Task item
Take the line containing "商品名称:得力50008软铁白板1500*1000*0.5mm(带胶)(白色)" and all lines after it, through the end of the material, and repeat them exactly, pictures left out.

Data to examine
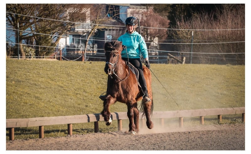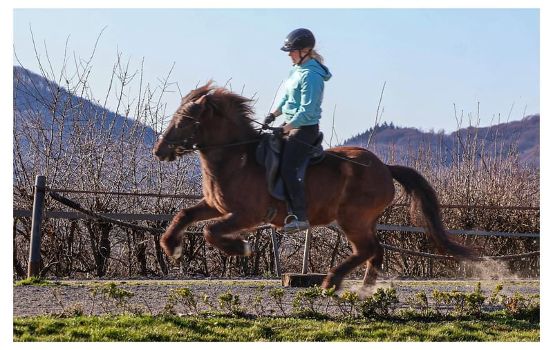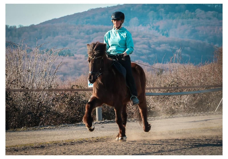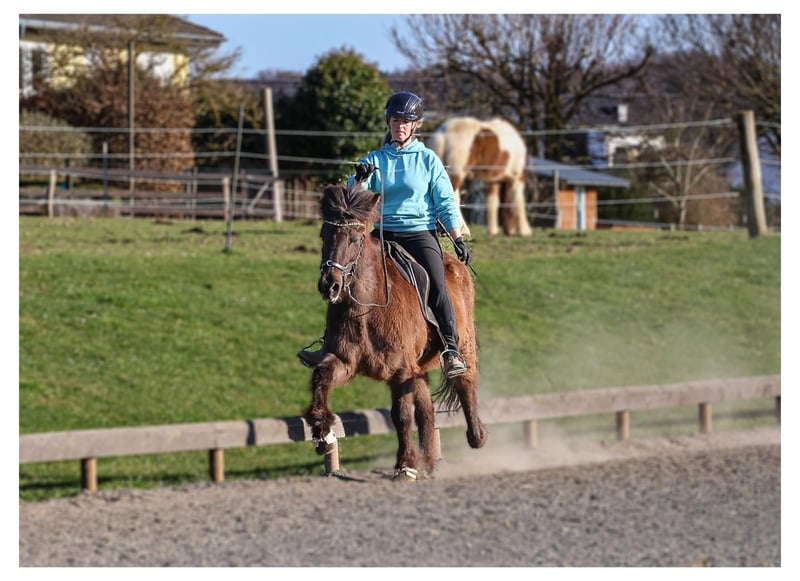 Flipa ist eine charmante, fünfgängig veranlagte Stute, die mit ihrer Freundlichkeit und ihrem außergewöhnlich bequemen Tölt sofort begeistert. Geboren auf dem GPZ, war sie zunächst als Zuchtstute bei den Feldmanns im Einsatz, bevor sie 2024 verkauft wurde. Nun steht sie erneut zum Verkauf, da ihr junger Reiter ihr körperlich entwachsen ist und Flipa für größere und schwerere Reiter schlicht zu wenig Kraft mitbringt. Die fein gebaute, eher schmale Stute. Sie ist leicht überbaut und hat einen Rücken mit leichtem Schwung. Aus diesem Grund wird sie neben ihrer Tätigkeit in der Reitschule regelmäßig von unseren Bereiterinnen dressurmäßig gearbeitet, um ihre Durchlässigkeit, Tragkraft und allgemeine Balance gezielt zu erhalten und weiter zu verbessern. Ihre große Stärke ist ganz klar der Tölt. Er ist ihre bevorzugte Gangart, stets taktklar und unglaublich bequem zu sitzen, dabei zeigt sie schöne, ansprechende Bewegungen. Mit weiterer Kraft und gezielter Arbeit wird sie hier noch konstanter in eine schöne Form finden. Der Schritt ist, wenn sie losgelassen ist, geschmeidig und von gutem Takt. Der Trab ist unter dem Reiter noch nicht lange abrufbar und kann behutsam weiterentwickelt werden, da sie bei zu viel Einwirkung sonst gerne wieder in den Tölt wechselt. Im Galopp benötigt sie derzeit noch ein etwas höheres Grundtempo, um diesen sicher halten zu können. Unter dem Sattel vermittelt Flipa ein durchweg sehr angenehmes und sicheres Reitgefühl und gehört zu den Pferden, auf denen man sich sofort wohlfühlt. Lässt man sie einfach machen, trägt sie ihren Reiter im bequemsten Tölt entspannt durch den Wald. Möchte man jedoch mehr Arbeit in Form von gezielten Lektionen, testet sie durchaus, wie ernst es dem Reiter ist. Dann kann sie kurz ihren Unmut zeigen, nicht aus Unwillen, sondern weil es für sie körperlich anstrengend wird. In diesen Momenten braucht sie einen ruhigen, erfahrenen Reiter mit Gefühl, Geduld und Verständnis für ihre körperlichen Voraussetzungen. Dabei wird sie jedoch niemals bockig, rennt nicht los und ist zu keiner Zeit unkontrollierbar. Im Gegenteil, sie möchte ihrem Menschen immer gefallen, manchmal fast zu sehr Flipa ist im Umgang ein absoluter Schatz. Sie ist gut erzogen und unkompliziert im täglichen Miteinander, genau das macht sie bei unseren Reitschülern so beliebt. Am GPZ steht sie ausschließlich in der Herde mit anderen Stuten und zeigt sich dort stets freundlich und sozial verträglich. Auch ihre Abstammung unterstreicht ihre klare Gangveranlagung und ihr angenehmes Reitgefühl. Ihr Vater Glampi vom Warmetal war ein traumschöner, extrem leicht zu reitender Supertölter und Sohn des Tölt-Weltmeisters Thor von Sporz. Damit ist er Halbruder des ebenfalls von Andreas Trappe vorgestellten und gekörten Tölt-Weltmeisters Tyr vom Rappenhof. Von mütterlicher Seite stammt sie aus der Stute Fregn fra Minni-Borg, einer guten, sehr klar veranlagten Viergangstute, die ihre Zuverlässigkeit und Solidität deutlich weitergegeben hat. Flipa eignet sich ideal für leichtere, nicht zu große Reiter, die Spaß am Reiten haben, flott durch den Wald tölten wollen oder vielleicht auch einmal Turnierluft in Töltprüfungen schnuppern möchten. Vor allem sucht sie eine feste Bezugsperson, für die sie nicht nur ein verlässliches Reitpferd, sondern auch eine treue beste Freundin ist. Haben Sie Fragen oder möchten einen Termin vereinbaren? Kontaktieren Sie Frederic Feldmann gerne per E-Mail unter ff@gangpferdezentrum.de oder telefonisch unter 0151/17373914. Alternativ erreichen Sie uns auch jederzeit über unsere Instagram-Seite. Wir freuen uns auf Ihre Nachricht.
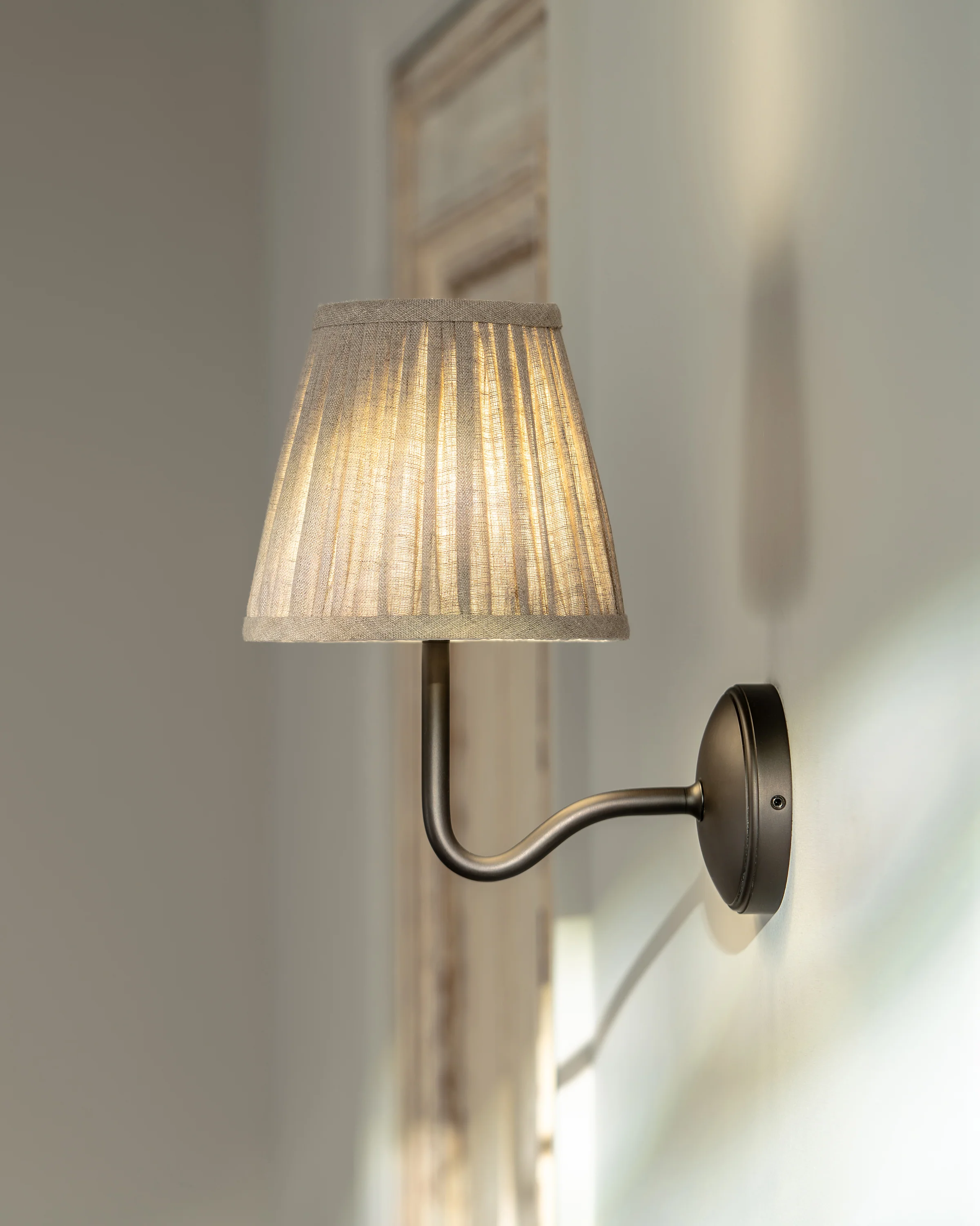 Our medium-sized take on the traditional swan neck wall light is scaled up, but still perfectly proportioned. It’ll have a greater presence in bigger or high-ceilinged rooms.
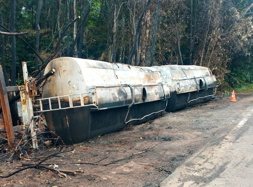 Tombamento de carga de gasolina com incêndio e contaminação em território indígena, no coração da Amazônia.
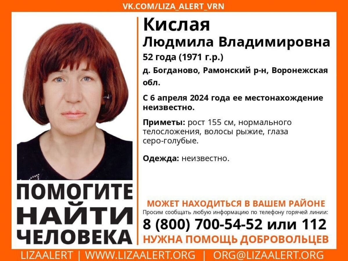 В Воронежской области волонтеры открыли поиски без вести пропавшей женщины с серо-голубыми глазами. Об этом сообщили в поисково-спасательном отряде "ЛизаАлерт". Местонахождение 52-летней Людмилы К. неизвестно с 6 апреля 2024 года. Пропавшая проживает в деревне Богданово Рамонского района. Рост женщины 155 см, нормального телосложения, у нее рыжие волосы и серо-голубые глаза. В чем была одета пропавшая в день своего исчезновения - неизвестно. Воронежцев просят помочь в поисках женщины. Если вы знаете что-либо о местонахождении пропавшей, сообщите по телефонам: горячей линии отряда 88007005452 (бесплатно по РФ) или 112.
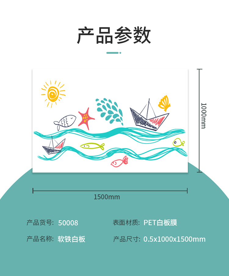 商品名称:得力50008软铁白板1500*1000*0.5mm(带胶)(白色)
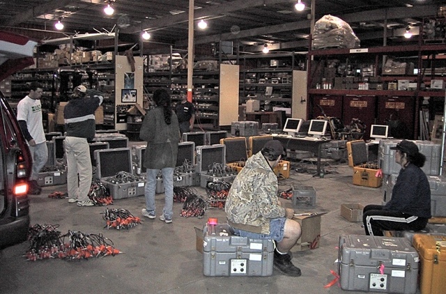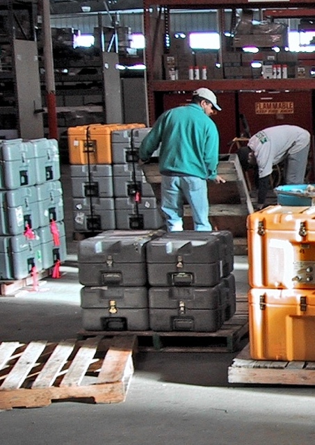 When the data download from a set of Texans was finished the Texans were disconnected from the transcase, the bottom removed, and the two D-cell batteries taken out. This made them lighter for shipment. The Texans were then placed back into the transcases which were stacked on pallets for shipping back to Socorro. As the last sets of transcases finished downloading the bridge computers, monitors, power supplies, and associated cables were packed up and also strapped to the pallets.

Answer to this problem
 商品名称:得力50008软铁白板1500*1000*0.5mm(带胶)(白色)
 When the data download from a set of Texans was finished the Texans were disconnected from the transcase, the bottom removed, and the two D-cell batteries taken out. This made them lighter for shipment. The Texans were then placed back into the transcases which were stacked on pallets for shipping back to Socorro. As the last sets of transcases finished downloading the bridge computers, monitors, power supplies, and associated cables were packed up and also strapped to the pallets.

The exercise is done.